Notice of attendance
Notice of attendance at the meeting may be given in writing to AudioDev AB (publ), attn: Christian Hartmann, Kabingatan 9, SE-212 39 Malmö, Sweden or by telephone on +46 40-690 55 04, fax: +46 40-690 49 90, or by e-mail to christian.hartmann@audiodev.com. When registering, you must state your name, personal identity number or corporate identity number, number of shares, daytime telephone number, and, where applicable, the number of advisers (no more than two) you intend bringing to the meeting. If shareholders intend being represented at the meeting, a power of attorney along with other proof of authority documents should be enclosed with the application. Proxy forms are available upon request.

Proposed agenda
1. Opening of the meeting
2. Election of the chairman of the meeting
3. Preparation and approval of the voting list
4. Approval of the agenda
5. Election of a person to check the minutes
6. Determination that the meeting has been duly convened
7. Presentation of the annual report and the auditor’s report as well as the consolidated accounts and auditor’s report on the consolidated accounts
8. The Managing Director's report on the operations
9. Adoption of the income statement and the balance sheet and the consolidated income statement and the consolidated balance sheet
10. Disposition of the company’s profits in accordance with the balance sheet adopted
11. Discharge of the Board of Directors and the Managing Director from liability
12. Determination of the number of directors and deputy directors
13. Determination of remuneration to the Board of Directors
14. Election of Board of Directors and Chairman of the Board of Directors
15. The Board's proposal for a decision on guidelines for remuneration to leading officials
16. Appointment of a nomination committee
17. Closing of the meeting

Dividend (item 10)
The Board has proposed that no dividend is to be paid.

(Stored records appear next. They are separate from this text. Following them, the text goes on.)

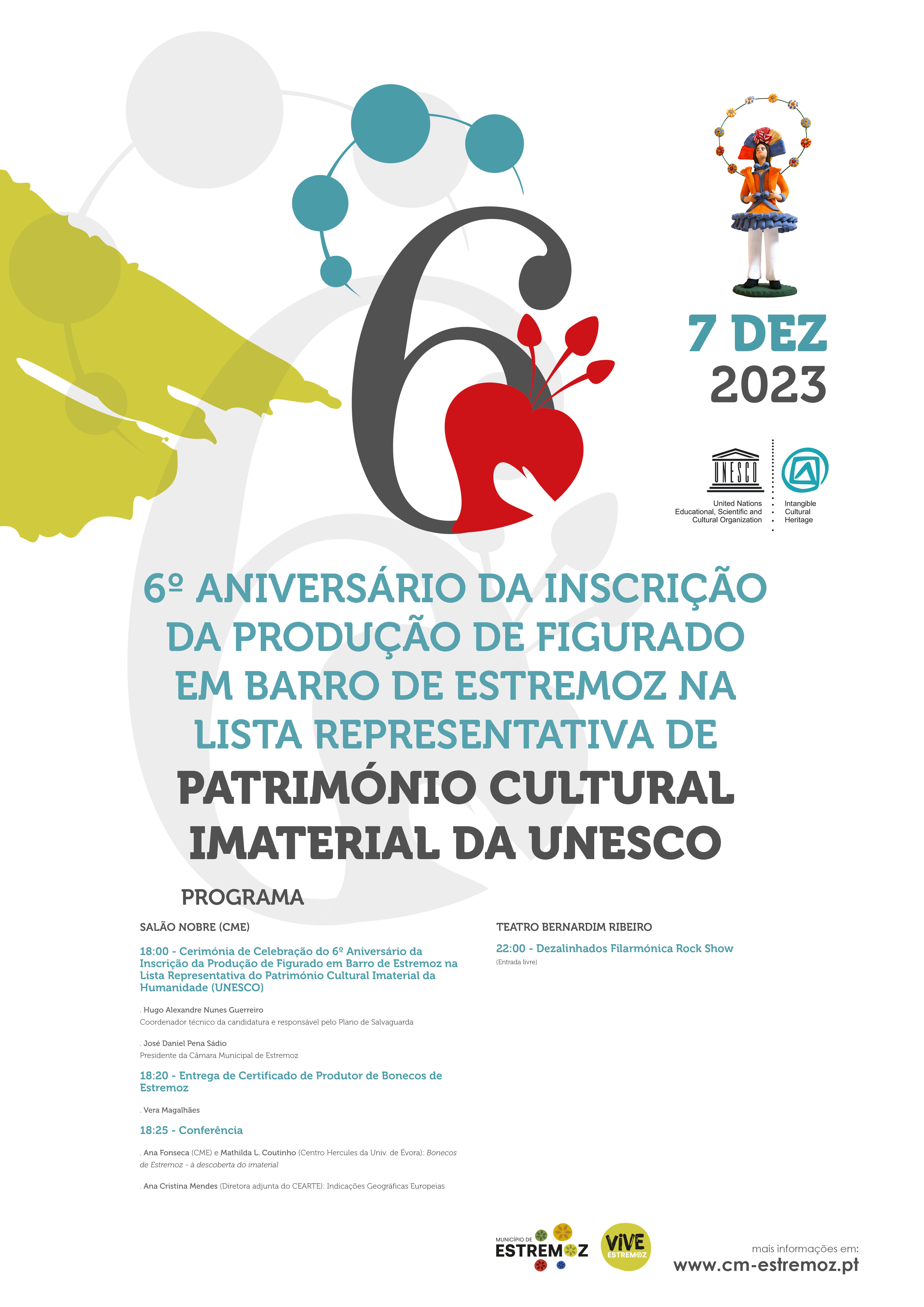 O Município de Estremoz irá comemorar o 6.º aniversário da inscrição da Produção de Figurado em Barro de Estremoz na Lista Representativa de Património Cultural Imaterial da UNESCO", no dia 7 de dezembro de 2023, com o seguinte programa:
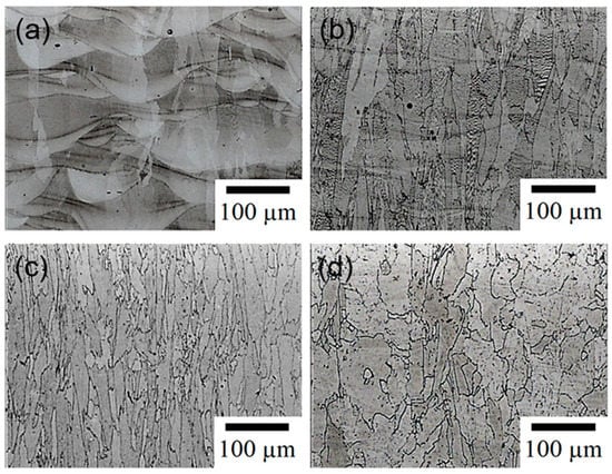 Figure 5 shows the microstructure of the as-SLM Inconel 718 and the three strength-enhanced heat-treated specimens. The as-SLM (AS) specimen has a layered melt pool structure as shown in Figure 5a. Figure 5b shows the microstructure of the specimen “A”. We can observe long grains penetrating the melt pools, while the melt pool traces are inconspicuous because of thermal diffusion. Figure 5c shows the microstructure of the specimen “SA”. The melt pool traces and the dendritic structure are replaced by long grains parallel to the laser direction. This means that after the solid solution treatment, the dendrites decomposed, and the segregated solute atoms dissolved into the matrix to form long recrystallized grains. The microstructure of the specimen “HSA” is shown in Figure 5d. The HSA specimen exhibits passivated equiaxed recrystallized grains. These four microstructures are similar to those mentioned in the literature [19,20,21,22].
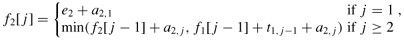 the fastest way through station S2,j-1 and then directly through station S2,j, or
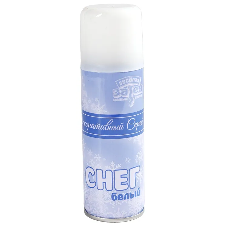 Баллончик с полимерным веществом, создающей эффект выпавшего снега. Предназначен для украшения помещений к Новому году и новогодних елок. Может также использоваться для рисования узоров на окнах и стенах через трафарет. Не исчезает после нанесения. Легко смывается мыльным раствором.
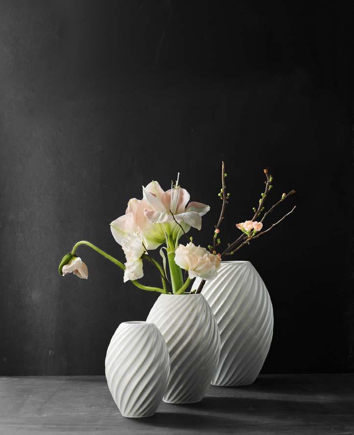 Det lekre diagonale spiralmønsteret snor seg elegant om de slanke vasene og gir dem et spennende uttrykk. Utført i porselen og glassert med en fin hvit glasur. Kommer også i sort. Fås i 16cm, 21cm og 26cm.

Board etc. (items 2, 12, 13 and 14)
The company has been notified that shareholders that represent over 50 % of all votes in the company will be supporting the following proposals:

Chairman of the meeting: Peter Oscarsson
Board Members: re-election of Jan Barchan, Göran Barsby, Sigrun Hjelmquist, Per Ludvigsson and Thomas Vonheim
Chairman of the Board: Jan Barchan
Directors' fees: SEK 800,000, of which SEK 200,000 to the Chairman of the Board and SEK 150,000 each to other Board Members.

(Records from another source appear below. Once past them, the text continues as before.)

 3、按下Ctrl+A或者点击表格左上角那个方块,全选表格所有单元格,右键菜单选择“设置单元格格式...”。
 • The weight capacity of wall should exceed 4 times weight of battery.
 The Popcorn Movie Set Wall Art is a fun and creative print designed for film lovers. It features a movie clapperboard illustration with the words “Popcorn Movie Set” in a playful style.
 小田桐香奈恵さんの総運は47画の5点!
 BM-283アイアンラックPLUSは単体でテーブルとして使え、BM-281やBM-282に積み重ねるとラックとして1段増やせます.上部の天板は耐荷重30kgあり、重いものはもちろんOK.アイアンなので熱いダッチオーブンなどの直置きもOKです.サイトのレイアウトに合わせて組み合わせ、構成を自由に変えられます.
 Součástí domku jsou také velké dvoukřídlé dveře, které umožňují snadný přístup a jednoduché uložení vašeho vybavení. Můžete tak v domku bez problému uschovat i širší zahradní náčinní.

The Board's proposal for a decision on guidelines for remuneration to leading officials (item 15) The Board's proposal, which includes guidelines with respect to salaries, pension and other terms of employment for leading officials, are detailed in the Directors' Report in the company's annual report.

Appointment of an election committee (item 16)
The shareholder Briban Invest AB has proposed that the general meeting assigns the chairman of the board of directors to, based on the share ownership at the end of September 2008, convene an election committee composed by one representative from each of the three largest shareholders in the company in terms of voting power. The names of the members of the election committee shall be published in the interim report for the third quarter. The election committee shall have the same responsibilities as suggested by Swedish legislation for corporate governance.

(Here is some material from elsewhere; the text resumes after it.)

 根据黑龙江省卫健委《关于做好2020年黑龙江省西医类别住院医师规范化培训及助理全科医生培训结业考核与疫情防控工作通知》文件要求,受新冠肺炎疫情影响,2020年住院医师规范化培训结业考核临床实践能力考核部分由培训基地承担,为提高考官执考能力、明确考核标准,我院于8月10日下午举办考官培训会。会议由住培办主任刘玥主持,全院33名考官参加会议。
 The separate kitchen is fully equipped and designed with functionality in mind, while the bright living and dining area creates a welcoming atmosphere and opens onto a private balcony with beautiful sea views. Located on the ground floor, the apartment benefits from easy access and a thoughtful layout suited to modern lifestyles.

The nomination committee shall remain until the next nomination committee has been appointed. Should a member of the nomination committee cease to represent one of the largest shareholders in the company or resign, the nomination committee shall be entitled to replace such member with another representative of the largest shareholders.

Documentation etc.
The annual report and auditors' report as well as other decision data are made available at the company and on its website, www.audiodev.com, at least two weeks before the Annual General Meeting and are distributed to shareholders who have requested copies and have given their postal address.

In AudioDev AB there are in total 16,716,500 shares, whereof 600,000 shares of series A and 16,116,500 shares of series B. These shares carry in total 22,116,500 votes.